Presiden Artificial Intelligence (AI) Sebagai Alternatif


Besok malam (Minggu, 25 Mei 2025) pukul 20.00 WIB kembali Tafsir Nadjibiyah edisi ke-32 hadir menjumpai teman-teman semua di YouTube caknun.com, Partai X, dan Radius. Kali ini teman-teman Partai X akan mengajak kita sedikit berbicara tentang Presiden AI. Apa dan bagaimana?
Hari ini rakyat umumnya sudah jemu dibohongi oleh aktor-aktor dalam sistem pemerintahan negeri ini: politikus yang berjanji membela kepentingan rakyat justru menggasak uang negara; polisi yang tugasnya mengayomi rakyat malah menjadi algojo bayaran para cukong. Birokrat di balik meja layanan publik menyulap syarat administrasi jadi 12 lapis—bukan untuk melayani, tapi untuk memeras. Pengadilan menjadi panggung sandiwara di mana vonis dan salah-benar diperjualbelikan.

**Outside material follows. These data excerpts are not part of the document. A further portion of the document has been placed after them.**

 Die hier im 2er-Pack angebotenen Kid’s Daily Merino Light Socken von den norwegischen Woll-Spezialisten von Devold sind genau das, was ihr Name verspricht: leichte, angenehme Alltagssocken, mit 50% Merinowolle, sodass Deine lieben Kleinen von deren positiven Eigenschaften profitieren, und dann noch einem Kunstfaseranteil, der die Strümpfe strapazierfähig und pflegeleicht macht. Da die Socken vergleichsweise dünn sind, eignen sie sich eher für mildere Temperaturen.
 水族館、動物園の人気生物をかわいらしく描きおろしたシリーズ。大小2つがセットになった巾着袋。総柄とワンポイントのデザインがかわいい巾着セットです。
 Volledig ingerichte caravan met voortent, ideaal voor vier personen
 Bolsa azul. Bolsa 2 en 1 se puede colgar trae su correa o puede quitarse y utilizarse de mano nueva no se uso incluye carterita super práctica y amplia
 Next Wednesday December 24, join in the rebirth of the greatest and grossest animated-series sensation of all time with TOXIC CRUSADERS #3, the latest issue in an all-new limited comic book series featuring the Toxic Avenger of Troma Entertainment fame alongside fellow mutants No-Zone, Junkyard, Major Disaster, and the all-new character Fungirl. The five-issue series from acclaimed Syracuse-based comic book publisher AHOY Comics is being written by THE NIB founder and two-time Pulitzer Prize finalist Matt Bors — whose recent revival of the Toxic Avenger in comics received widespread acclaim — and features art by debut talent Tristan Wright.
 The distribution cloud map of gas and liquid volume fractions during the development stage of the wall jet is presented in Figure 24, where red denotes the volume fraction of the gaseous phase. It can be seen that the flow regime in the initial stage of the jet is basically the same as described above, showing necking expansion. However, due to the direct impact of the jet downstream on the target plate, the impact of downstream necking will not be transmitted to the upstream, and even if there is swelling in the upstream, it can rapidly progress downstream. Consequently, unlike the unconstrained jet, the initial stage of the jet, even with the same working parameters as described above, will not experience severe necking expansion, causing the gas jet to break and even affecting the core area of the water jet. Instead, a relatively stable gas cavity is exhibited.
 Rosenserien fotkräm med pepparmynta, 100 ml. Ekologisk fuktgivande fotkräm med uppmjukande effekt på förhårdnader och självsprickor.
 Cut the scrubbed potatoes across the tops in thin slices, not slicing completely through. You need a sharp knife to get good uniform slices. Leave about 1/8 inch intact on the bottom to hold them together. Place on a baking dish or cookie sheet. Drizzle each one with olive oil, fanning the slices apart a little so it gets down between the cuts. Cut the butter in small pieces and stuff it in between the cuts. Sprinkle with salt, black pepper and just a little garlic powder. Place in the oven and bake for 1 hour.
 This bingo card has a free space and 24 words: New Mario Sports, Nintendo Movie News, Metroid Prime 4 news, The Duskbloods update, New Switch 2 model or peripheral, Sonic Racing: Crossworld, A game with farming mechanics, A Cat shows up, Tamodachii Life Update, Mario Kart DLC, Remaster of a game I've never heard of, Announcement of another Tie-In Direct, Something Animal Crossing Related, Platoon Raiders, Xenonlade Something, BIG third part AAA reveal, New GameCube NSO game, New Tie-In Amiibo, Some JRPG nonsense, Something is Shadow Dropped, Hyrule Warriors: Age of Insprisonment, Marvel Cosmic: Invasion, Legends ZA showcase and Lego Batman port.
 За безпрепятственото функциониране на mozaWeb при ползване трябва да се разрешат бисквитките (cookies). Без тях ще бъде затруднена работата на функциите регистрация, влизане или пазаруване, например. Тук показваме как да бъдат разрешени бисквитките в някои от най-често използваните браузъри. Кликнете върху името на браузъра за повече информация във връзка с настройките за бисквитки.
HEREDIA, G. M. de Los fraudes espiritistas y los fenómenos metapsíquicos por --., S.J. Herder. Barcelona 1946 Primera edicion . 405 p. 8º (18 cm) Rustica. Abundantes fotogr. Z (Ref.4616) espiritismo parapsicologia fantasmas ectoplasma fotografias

Sementara itu pendidikan — yang semestinya mencerdaskan — ternyata hanya memproduksi ijazah dan mental korup, minim kompetensi dan integritas. Di tengah puing-puing kepercayaan pada sistem yang rusak parah ini, sebuah pertanyaan tumbuh: apakah sudah saatnya kita menyerahkan tongkat estafet kepemimpinan kepada Artificial Intelligence (AI)?
Konsep “Presiden AI” muncul bukan sebagai fantasi teknokratik, melainkan cermin jeritan keputusasaan kolektif. Di Estonia, penggunaan AI sektor peradilan untuk menangani kasus pelanggaran ringan mulai diuji coba sejak 2019, dengan hasil awal yang menjanjikan. Ada pula alat pengenalan suara yang meningkatkan efisiensi pencatatan sidang. Data-data ini menggoda: jika manusia gagal, mungkin mesinlah solusinya.
Tapi, Allah telah mendesain manusia sebagai khalifah (pemimpin di muka bumi). Allah juga telah mendeklarasikan bahwa sebaik-baik (masterpiece) ciptaan adalah manusia. Sehingga, semestinya manusialah yang memegang kepemimpinan di muka bumi. Lalu, AI boleh direkrut untuk membantunya menyediakan berbagai data dan opsi.
Pertanyaannya sekarang bukan lagi bisakah AI menjadi presiden, melainkan mampukah kita — rakyat yang terluka oleh pengkhianatan institusi — mempercayai siapa pun (atau apa pun) lagi? Atau jangan-jangan, keinginan untuk menciptakan “Presiden AI” justru cermin kegagalan kita sendiri: pengakuan bahwa peradaban manusia telah mencapai titik di mana mesin pun lebih layak dipercaya daripada sesama manusia. Bisa jadi, Tafsir Nadjibiyah kali ini tak hanya obrolan tentang teknologi, tapi tentang krisis eksistensi. Sampai ketemu besok malam.